Roberto Gamito
10.06.21
As festas para crianças são uma espécie de tortura vanguardista excepcionalmente cruel. As vítimas — os adultos — não podem chorar nem gritar, enquanto os carrascos — os putinhos — riem a bom rir. Não fosse o álcool e essas festas seriam palco de suicídio colectivo. Suspeito que até o mais fervoroso crente é capaz de concordar com esta ideia: “Deus está em toda a parte, excepto em festas de crianças”.
Quem são os palhaços nessas festas? Um palhaço que se dedica a estes certames de catraios é uma figura triste. Estudou para ser um digno palhaço de circo, sonhava com a vida de nómada durante a qual saltava de cidade em cidade, porém teve de se contentar em tentar — ênfase no tentar — divertir putinhos ranhosos. Além disso, há putos que os detestam. Que vida degradante é essa? Actuar para um público que nos despreza ou odeia. Creio que faz falta um documentário centrado nestas figuras destroçadas pelos carniceiros pequenotes.
Mas não nos esqueçamos dos infantários. O que é um infantário senão um manicómio para seres humanos em miniatura? A prova de que o infantário é um local destinado a acolher pequenos maluquinhos é a farpela. Vestem-lhes bibes para que se distingam das pessoas sãs (até ver), os educadores de infância.
Os pais acham que os filhos adoram sopa. Ignoro de onde retiraram isso. De certeza que não recolheram dados no terreno, até parece que não têm filhos. Os putos fazem o que lhes compete, comunicar dentro das suas possibilidades o facto de detestarem sopa. A criança faz tombar o prato no chão, desperdiça a sopa que lhe põem na boca e, se tudo falhar, vomita. Qual é a reacção do pai a este teatro? O meu filho adora sopa. Enfim, nunca convidem pais para jogos de mímica.
Quando o filho é pequeno, os pais estão em negação. O bebé borra-se nas cuecas, vomita, arrota como um bárbaro profissional e chega mesmo a andar de tronco nu numa pastelaria. Como resposta a isso tudo, os pais dizem sem réstia de vergonha: “Estou muito orgulhoso”. Já que aqui estamos, aproveito para vos perguntar uma questiúncula que tanto me apoquenta: até que idade podemos dizer que sentimos orgulho em alguém que defeca enquanto está à mesa? O orgulho só faz sentido se os pais tiverem prisão de ventre e não conseguirem esconder a inveja em relação ao filho cagão.
O mundo está como está porque ninguém tem coragem de entrar nos infantários e gritar: “Vocês, putinhos do caralho, são uns merdas. Achei por bem avisar-vos, os vossos pais não podiam continuar a enganar-vos. Um resto de uma boa tarde. Podem continuar com as vossas brincadeiras.”
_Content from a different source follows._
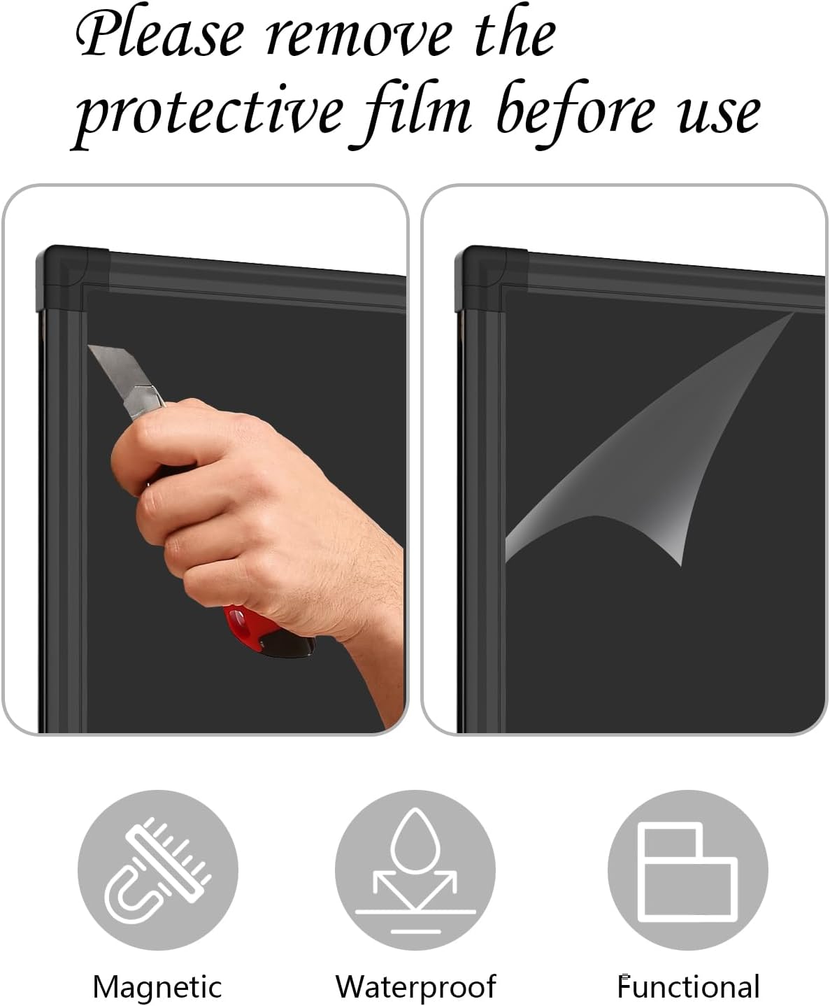 - Premium Magnetic Chalkboard:Experience the perfect blend of functionality and style with XBoard Premium Magnetic Chalkboard. Featuring a sleek black surface, it offers a high-contrast display for enhanced visibility and readability. The versatile magnetic surface serves as an ideal bulletin board for showcasing travel magnets, messages, pictures, memos, calendars, and more.

Há uma altura em que os pais vigiam os filhos 24 horas por dia. São como que seguranças não remunerados da celebridade em miniatura. O seu trabalho é evitar que os putos se metam em alhadas, a saber: partir coisas, levantar saias a mulheres, tombar garrafas, entre outras coisas que por norma associamos a vândalos. Num mundo justo, as cadeias estariam apinhadas de putinhos.
A vida de universitário, se ajudada pelo álcool, é uma segunda infância. Regressamos às quedas, aos balbucios e aos vómitos.
Por favor, não me contem as façanhas das vossa crias. Nem hoje, nem amanhã. Nem nunca. Vamos lá ver se a gente se entende de uma vez por todas: eu não leio biografias de gente interessante e agora vou perder tempo a ouvir as proezas de caca dos vossos rebentos?! Repara, diz a mãe, o meu filho pronunciou o seu primeiro monossílabo. O que posso responder numa altura dessas? Fico muito feliz por vocês, riposto eu a morrer por dentro, se o vosso filho quiser já pode criar uma música brasileira.
Não me macem com os conseguimentos dos vossos filhotes, a menos que ele tenha entrado à socapa na mansão da Playboy e tenha passado a noite a saltitar de teta em teta.
“O meu filho entende tudo, é muito inteligente!” Sim, aos 5 anos já percebe tudo, até que os pais são uns pacóvios.
Calma, acho precipitado ver genialidade num animalzinho que pouco mais faz que rir e cuja obra está reunida, não em volumes, mas em fraldas. Ou: “o meu filho é tão inteligente, olha para ele a mexer no tablet”. De seguida, o putinho levanta-se, desata a correr e dá uma cabeçada na televisão. Como se fosse um pardal. Eis o vosso Einstein.
Os putos são altamente permeáveis àquilo que ouvem. É como ter um papagaio novinho em folha. Com uma diferença substancial: regra geral, os pais não querem que a primeira palavra do putinho seja cona — o que para mim é incompreensível.